Re: [BUGS] BUG #1552: massive performance hit between 7.4 and 8.0.1

2005-03-25 Thread Simon Riggs
On Wed, 2005-03-23 at 14:22 -0500, Keith Browne wrote:
> Simon Riggs wrote:
> 
> > The EXPLAINs you've enclosed are for SELECTs, yet your bug report
> > describes INSERTs as being the things that are slow.
> > [You may find better performance from using COPY]

> We're starting with an empty database, creating four tables, and 
> populating those tables with a total of 180,000-200,000 rows.  Each 
> table has a primary key, and several of the tables reference foreign 
> keys in other tables.  We've written a Python script, using psycopg, 
> which executes all the queries to create the tables and insert the rows. 

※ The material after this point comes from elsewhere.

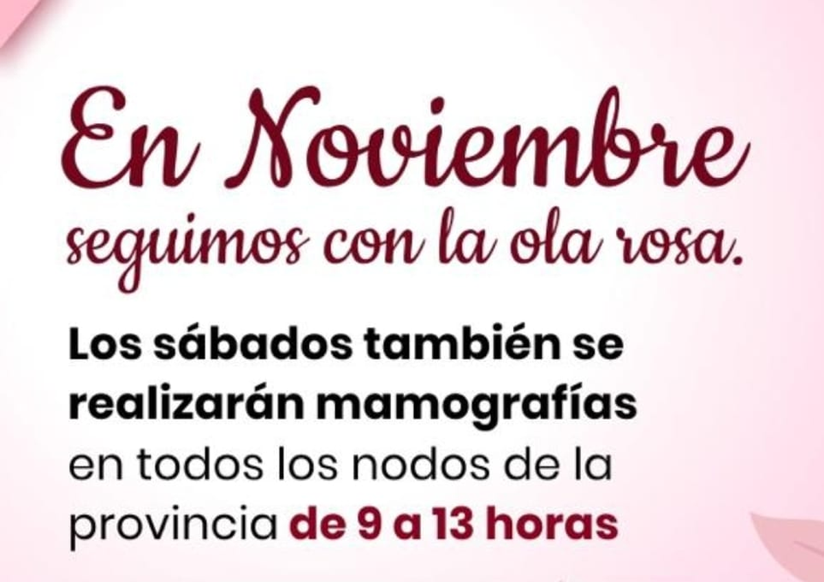 «Terminó el mes de octubre rosa, pero vamos a continuar con el cuidado y la protección de la mujer. Hemos decidido que todos los sábados de noviembre, de 9 a 13, en los 18 nodos donde hay un mamógrafo, podrán acudir las mujeres sin solicitud del médico«, confirmó Medina Ruiz.

>The database is running on the same machine where the script runs.
> 
> I've seen similar performance when issuing a COMMIT after each 
> insertion, and also after batching insertions in blocks of 250 per 
> COMMIT, so batching the commits is not helping much.  I've looked at the 
> possibility of using COPY, but in our production environment it will be 
> prohibitive to build a flat file with all this data.  I'd rather 
> generate it on the fly, as we've been able to do with PostgreSQL 7.4.
> 
> > Also, your tests have compared two systems, so it might be that the
> > hardware or configuration of one system is different from the other. 
> 
> When running with PostgreSQL 7.4 on a dual-CPU Athlon MP2400+ machine 
> with a gigabyte of RAM, running Debian Linux version 2.6.8.1, we were 
> able to insert all this data in 5-7 minutes.  It's taken a while to 
> install Postgres 8.0.1 on the same machine, but now I have, and it's 
> taking 40-45 minutes to run the same insert script.  This is similar to 
> the performance we saw on another machine, a fast single-CPU AMD64 box 
> running Gentoo.
> 
> I don't think it's a hardware issue.  I dug around a bit, and found 
> suggestions that this sort of problem could be worked around by breaking 
> the database connection and restarting it after the tables had been 
> partially filled.  I modified our script to break and re-establish the 
> database connection when each table first has 4,000 records inserted, 
> and the performance is greatly improved; it now takes only about 3.5 
> minutes to insert 180,000+ rows.
> 
> I've since modified this script to build and populate a fifth table with 
> over 1.3 million rows.  The fifth table has no primary key, but lists a 
> foreign key into one of the first four tables.  With the above 
> modification (break and re-build the DB connection after 4,000 rows have 
> been inserted), the whole database can be populated in about 15 minutes. 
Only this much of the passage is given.